Adapting to the Classics

In which the writer argues films, however refined a medium, cannot (and never will) hold a candle to the novels upon which they are based.

By Maria Amir

“Film is visual brevity…if the novel is a poem, the film is a telegram.” Michael Hastings

FictionbyLWinkelWe seem to be moving backwards, don’t we? And no, I’m not referring to a cultural dissonance often reiterated with regards to Pakistan and religious extremism but of our newfound global romance with antiquity. Over the years, it appears that the faster the world moves forward, the more people long for the romance and nostalgia of the past. And who’s to truly say, there was any ‘real’ romance to be had in the time of Austen and Dickens, of Tolstoy and Fitzgerald, except for the numinous that has persisted like a stubborn welt in our collective consciousness. The tireless devotion to the classics appears to have been rekindled with a new spate of screen adaptations of beloved works like Anna Karenina, Les Miserables, The Great Gatsby, Jane Eyre and Wuthering Heights in the last few years alone. There are many byways of approaching this trend and naturally there are pros and cons aplenty involved with adapting a beloved classic novel on screen. All these points aside for the moment, what is interesting about a resurgence of classical literature being put on silicon is the timing. Could it possibly be that people are tiring of epic battle sequences featuring blue alien races that follow a shoddy plotline but deliver enough prudently placed pithy one-liners to satisfy a mass audience, or are these attempts on the part of the film industry to breed a more discerning audience?
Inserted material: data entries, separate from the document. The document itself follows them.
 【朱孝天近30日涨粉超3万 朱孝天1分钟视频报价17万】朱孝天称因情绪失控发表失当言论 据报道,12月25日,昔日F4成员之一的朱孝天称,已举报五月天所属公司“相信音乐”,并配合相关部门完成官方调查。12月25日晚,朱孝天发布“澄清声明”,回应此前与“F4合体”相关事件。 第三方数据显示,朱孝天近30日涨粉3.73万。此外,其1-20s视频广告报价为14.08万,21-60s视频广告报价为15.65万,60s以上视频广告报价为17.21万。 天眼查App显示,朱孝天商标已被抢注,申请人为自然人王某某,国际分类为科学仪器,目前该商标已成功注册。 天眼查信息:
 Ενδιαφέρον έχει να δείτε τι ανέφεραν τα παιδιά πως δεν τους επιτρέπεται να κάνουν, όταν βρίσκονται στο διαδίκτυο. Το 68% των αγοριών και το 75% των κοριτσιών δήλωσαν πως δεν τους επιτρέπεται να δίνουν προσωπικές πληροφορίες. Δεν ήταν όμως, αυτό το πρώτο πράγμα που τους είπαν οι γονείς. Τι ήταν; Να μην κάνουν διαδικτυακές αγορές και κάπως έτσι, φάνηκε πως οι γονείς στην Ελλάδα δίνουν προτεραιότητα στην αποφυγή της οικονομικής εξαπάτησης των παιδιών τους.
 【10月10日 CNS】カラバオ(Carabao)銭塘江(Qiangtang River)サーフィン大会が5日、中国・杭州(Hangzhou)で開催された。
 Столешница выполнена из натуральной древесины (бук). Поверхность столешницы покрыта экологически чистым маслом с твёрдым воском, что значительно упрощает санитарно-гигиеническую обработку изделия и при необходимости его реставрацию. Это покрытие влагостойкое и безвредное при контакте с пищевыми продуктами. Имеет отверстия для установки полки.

Then again it could be pure coincidence, considering that it is nearly impossible to decide whether it is good taste that prompts a good story or the other way around.
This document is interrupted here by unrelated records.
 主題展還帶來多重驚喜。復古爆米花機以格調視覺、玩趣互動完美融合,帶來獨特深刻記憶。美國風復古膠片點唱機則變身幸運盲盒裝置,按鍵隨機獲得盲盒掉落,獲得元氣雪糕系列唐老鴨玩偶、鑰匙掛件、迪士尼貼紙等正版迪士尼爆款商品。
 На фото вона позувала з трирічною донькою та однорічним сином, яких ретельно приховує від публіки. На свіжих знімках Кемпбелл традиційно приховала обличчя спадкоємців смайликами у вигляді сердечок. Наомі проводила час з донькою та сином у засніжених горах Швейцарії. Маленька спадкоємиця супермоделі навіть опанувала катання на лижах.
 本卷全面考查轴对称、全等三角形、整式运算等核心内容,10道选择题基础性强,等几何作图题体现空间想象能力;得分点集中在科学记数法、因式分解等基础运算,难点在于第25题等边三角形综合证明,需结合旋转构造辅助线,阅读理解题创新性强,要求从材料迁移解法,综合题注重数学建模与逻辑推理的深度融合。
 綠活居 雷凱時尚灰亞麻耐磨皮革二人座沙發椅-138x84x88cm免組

Truth be told, I tend to enjoy a great period drama better than most but the limitations of film versus literature are not lost on me. Especially when sets and costumes seem to take overwhelming precedence over scripts and casting. The problems with treating classic novels like Pride and Prejudice for the screen, remain with characterizations. If one happens not to like the casting lead for Mr. Darcy, for example, the entire story falls apart given that a reader’s love of the novel tends to center around a single character. Nowhere is this better demonstrated than pitting the BBC’s 1995 production of Austen’s classic against the 2005 travesty. Colin Firth, as Darcy had nearly a decade to infiltrate the conscience and many a wet dream of Austen fans before Matthew Macfadyen disastrously tried to fill the same shoes and fall terribly short. William Costanzo, in his book Reading the Movies observes the major difference between books and film as being one where “visual images stimulate our perceptions directly, while written words can do this indirectly”. Reading the word ‘boot’ requires a kind of mental “translation” that viewing a picture of a boot does not. Film is a much more sensory experience than reading and besides verbal language, there is also color, movement and sound. Still, film remains limited in terms of scope and imagination. It can only convey one perception of each character as translated by the actor; literature allows the reader to play actor, director, producer, set designer and most importantly, the casting director.

Another major problem with film adaptations that attempt to recapture a classic novel is the dilemma of ‘loyalty’. The expression ‘faithful to the book’ is often bandied about and I personally believe this to be a useless tradition. Oddly enough, I feel that most films that desperately attempt to cling to the slightest detail in a novel fall shortest off the mark because the task is both herculean and generally fruitless, with the possible exceptions of the Lord of the Rings trilogy and most BBC adaptations of British classics. If anything, a film can only ever provide someone else’s interpretation of a great novel, which isn’t necessarily a bad thing but this also means that it then has the freedom ‘not’ to try and live up to a reader’s expectations. George Bluestone, one of the first to study film adaptations of literature believes the filmmaker serves as an independent artist, “not a translator for an established author, but a new author in his own right.” This is perhaps the best approach when adapting a classic on screen because it avoids the obvious pitfalls of catering to the expectations of a long-established readership. That said, no filmmaker can ever truly deny the debt they owe the novel as it is the title that generally draws an audience to the theatre not the director or actors’ gifts, extraordinary as those may be.